■ DIRECTIONS FOR THIS TASK ■
The copy should hold exactly the lines below from the one that contains "This 8 x 10-inch" through the one that contains "Directly from the" and nothing else, so no pictures.

■ DATA RECORDS ■
------
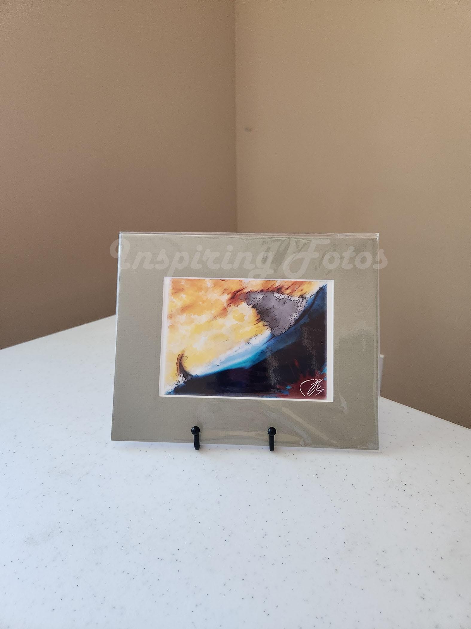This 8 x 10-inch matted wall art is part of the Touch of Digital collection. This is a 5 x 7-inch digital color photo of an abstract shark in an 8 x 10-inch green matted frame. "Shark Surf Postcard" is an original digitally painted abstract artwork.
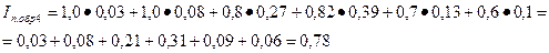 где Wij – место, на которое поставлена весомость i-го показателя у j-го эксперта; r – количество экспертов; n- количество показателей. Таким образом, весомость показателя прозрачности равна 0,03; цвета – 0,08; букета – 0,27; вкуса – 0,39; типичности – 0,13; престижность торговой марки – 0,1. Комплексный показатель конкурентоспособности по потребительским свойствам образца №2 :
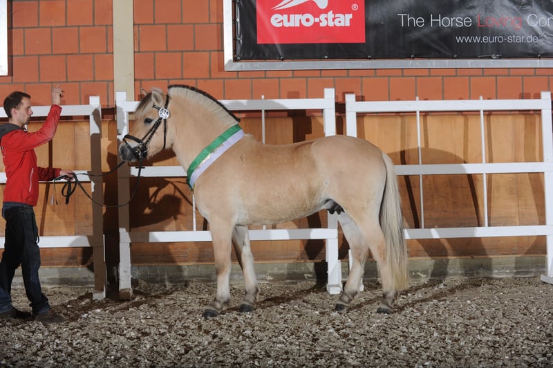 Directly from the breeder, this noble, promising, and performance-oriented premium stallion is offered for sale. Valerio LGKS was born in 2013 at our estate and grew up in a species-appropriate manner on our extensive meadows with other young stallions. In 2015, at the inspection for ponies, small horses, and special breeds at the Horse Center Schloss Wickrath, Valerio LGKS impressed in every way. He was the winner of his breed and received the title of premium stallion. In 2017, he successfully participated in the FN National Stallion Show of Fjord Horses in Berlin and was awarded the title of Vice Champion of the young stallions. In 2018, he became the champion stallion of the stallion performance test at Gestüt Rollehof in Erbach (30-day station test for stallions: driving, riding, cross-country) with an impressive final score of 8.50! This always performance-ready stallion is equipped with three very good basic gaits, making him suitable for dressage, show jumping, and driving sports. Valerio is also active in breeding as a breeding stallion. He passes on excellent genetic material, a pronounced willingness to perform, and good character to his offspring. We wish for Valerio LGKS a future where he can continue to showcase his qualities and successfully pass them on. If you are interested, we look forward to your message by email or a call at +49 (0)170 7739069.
------
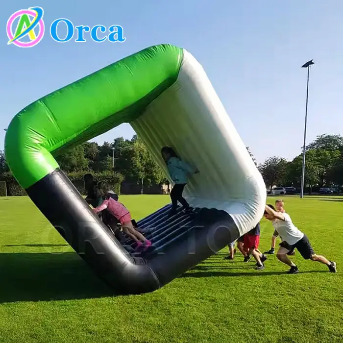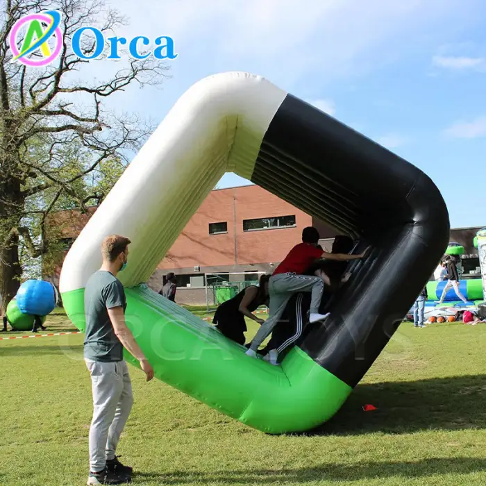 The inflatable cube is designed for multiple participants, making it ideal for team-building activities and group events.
------
■ RESPONSE ■
This 8 x 10-inch matted wall art is part of the Touch of Digital collection. This is a 5 x 7-inch digital color photo of an abstract shark in an 8 x 10-inch green matted frame. "Shark Surf Postcard" is an original digitally painted abstract artwork.
 где Wij – место, на которое поставлена весомость i-го показателя у j-го эксперта; r – количество экспертов; n- количество показателей. Таким образом, весомость показателя прозрачности равна 0,03; цвета – 0,08; букета – 0,27; вкуса – 0,39; типичности – 0,13; престижность торговой марки – 0,1. Комплексный показатель конкурентоспособности по потребительским свойствам образца №2 :
 Directly from the breeder, this noble, promising, and performance-oriented premium stallion is offered for sale. Valerio LGKS was born in 2013 at our estate and grew up in a species-appropriate manner on our extensive meadows with other young stallions. In 2015, at the inspection for ponies, small horses, and special breeds at the Horse Center Schloss Wickrath, Valerio LGKS impressed in every way. He was the winner of his breed and received the title of premium stallion. In 2017, he successfully participated in the FN National Stallion Show of Fjord Horses in Berlin and was awarded the title of Vice Champion of the young stallions. In 2018, he became the champion stallion of the stallion performance test at Gestüt Rollehof in Erbach (30-day station test for stallions: driving, riding, cross-country) with an impressive final score of 8.50! This always performance-ready stallion is equipped with three very good basic gaits, making him suitable for dressage, show jumping, and driving sports. Valerio is also active in breeding as a breeding stallion. He passes on excellent genetic material, a pronounced willingness to perform, and good character to his offspring. We wish for Valerio LGKS a future where he can continue to showcase his qualities and successfully pass them on. If you are interested, we look forward to your message by email or a call at +49 (0)170 7739069.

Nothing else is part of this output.